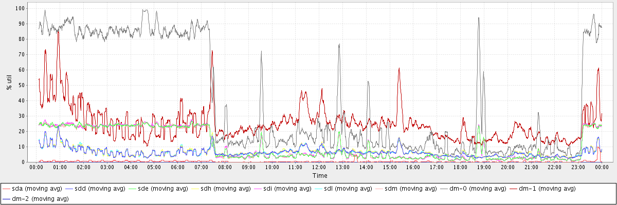 avg(sda) = 0.47 avg(sdd) = 6.41 avg(sde) = 10.83 avg(sdh) = 6.54 avg(sdi) = 10.91 avg(sdl) = 6.42 avg(sdm) = 10.77 avg(dm-0) = 39.58 avg(dm-1) = 25.13 avg(dm-2) = 0.00
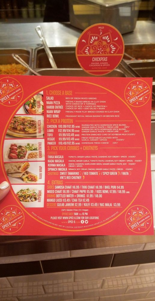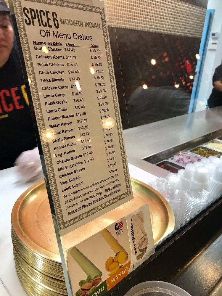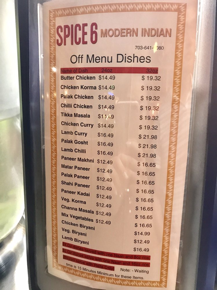 Introducing the menu at Spice 6 Modern Indian, a restaurant that offers a contemporary twist to traditional Indian cuisine. With a diverse menu filled with flavorful dishes like signature biryanis, curries, and tandoori items, this place stands out for its well-prepared and attractively presented options. The attentive and efficient service ensures a pleasant dining experience, with helpful staff offering recommendations. Some highlights include the Butter Chicken, Saag Paneer, and Naan stuffed with feta, spinach, and basil. The Chicken Tikka Masala and Chili Chicken dishes are also recommended for those who enjoy a bit of spice. Overall, the food at Spice 6 Modern Indian is delicious and worth the price for the quality you receive.
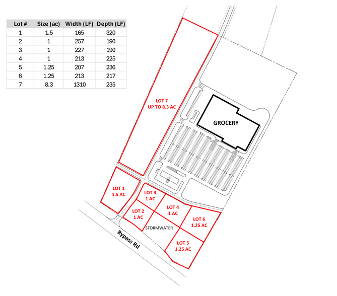 - +/-1 AC up to 8.3 AC of retail development lots for sale.

**Task directions**:
The copy should hold, exactly, the lines from the one containing "Introducing the menu" to the final line of the listing above, with both ends present and no pictures.

**Written response**:
 Introducing the menu at Spice 6 Modern Indian, a restaurant that offers a contemporary twist to traditional Indian cuisine. With a diverse menu filled with flavorful dishes like signature biryanis, curries, and tandoori items, this place stands out for its well-prepared and attractively presented options. The attentive and efficient service ensures a pleasant dining experience, with helpful staff offering recommendations. Some highlights include the Butter Chicken, Saag Paneer, and Naan stuffed with feta, spinach, and basil. The Chicken Tikka Masala and Chili Chicken dishes are also recommended for those who enjoy a bit of spice. Overall, the food at Spice 6 Modern Indian is delicious and worth the price for the quality you receive.
 - +/-1 AC up to 8.3 AC of retail development lots for sale.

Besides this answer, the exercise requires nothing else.